Two-dimensional group-IV-based triphosphides MP₃ (M = C, Ge, and Sn) with blue-type structures are regarded as potential and promising anode materials for sodium-ion batteries (SIBs). It is very important to understand the relationship between the structure and Na storage capacity of anode materials. In the present study, we revealed the origin of buckled configurations of both blue-type and unreported black-type MP₃ (M = C, Ge, and Sn) by employing pseudo Jahn-Teller effect (PJTE) theory and ab initio calculations.

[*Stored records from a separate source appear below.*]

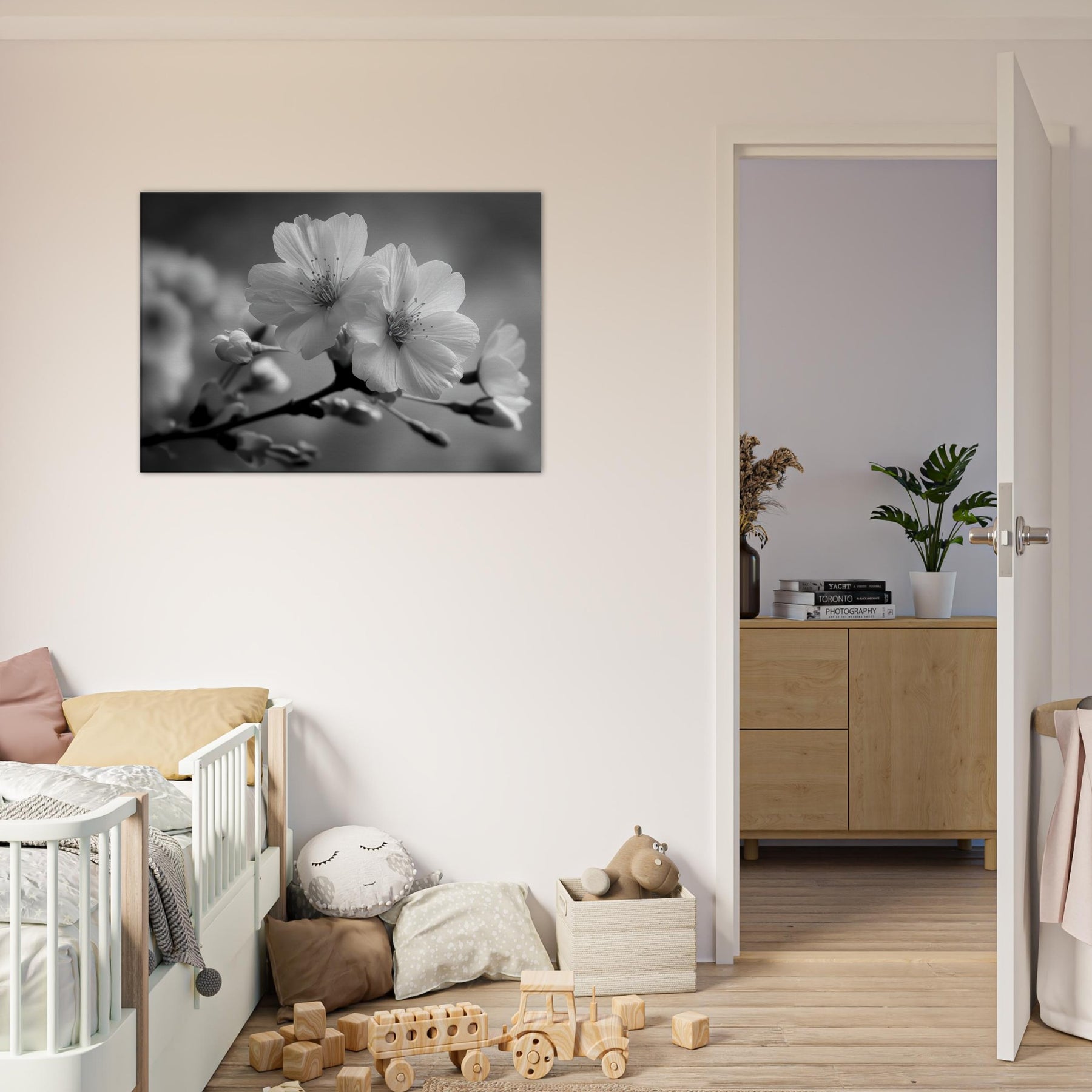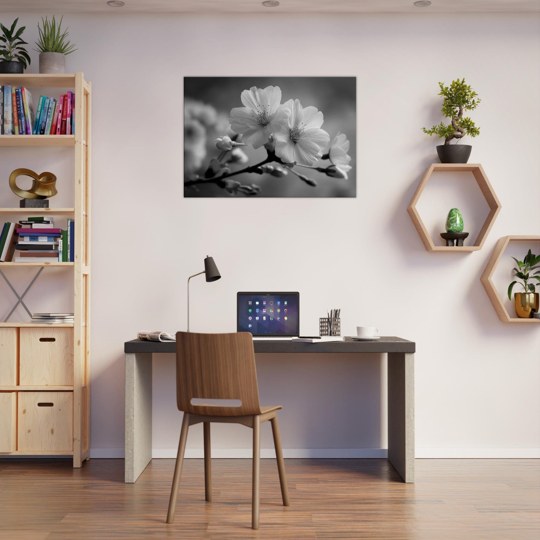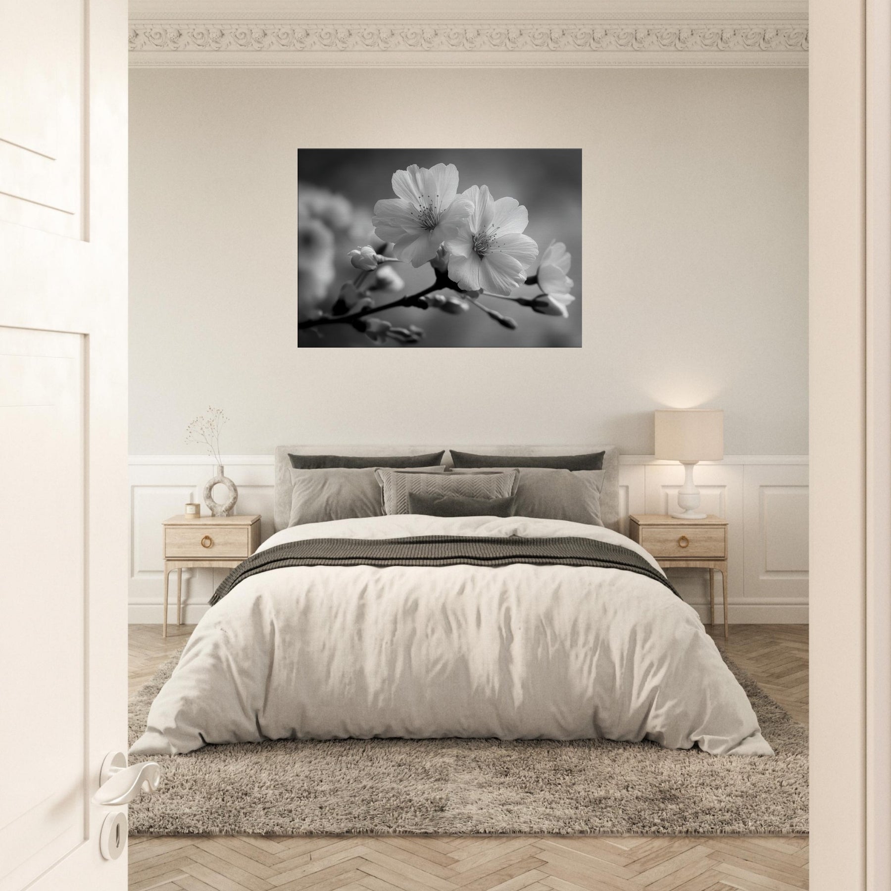 Embrace a quiet season of grace with this Cherry Blossom study, rendered in elegant black and white. The artwork frames a fleeting moment, the soft curve of petals, the tremor of stamens, into a timeless breath that calms a room. Its restrained contrast invites sunlight to play across walls while concealing no warmth of memory. Perfect for a living space seeking serenity, it pairs with wood and metal, creating a balance of nature and minimalism that makes every glance feel intimate and refreshed.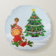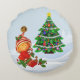 Decore sua casa nesta época de festas com esta almofada redonda de acento festivo. Com uma adorável ilustração de um elfo de Natal e uma árvore de pinheiro com bolas coloridas, e pequenas luzes coloridas e estrelas em uma impressão de decoração em um fundo de paisagem de inverno, certamente dará à sua casa um clima festivo.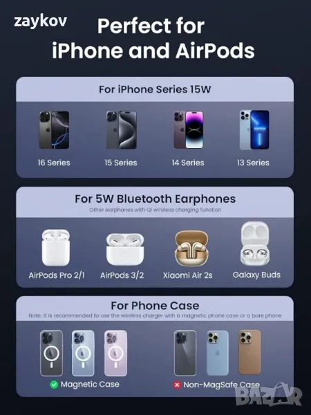Двойно зареждане на устройства: Съвместим с iPhone 16/15/14/13/12 серия и AirPods 3/2/Pro. Зареждайте своя iPhone и AirPods едновременно с нашата станция за зареждане 2 в 1, намалявайки бъркотията с кабели и поддържайки бюрото ви чисто и организирано.

The difference in buckling height of MP₃ (M = C, Ge, and Sn) is strongly related to the PJTE intensity and the energy gap of the coupled excited states. Upon Na adsorption, the buckling height of blue GeP₃ and SnP₃ decreases, and the resulting extensively exposed surface could improve the storage capacity of Na and contribute to their performance as anode materials of SIBs. This process can be explained by the suppressed role of PJTE because of the increased energy gaps of the coupled electronic states and consequent weakening of the PJTE coupling intensity. In comparison, others are not preferable as anode materials for SIBs because of their poor Na adsorption ability.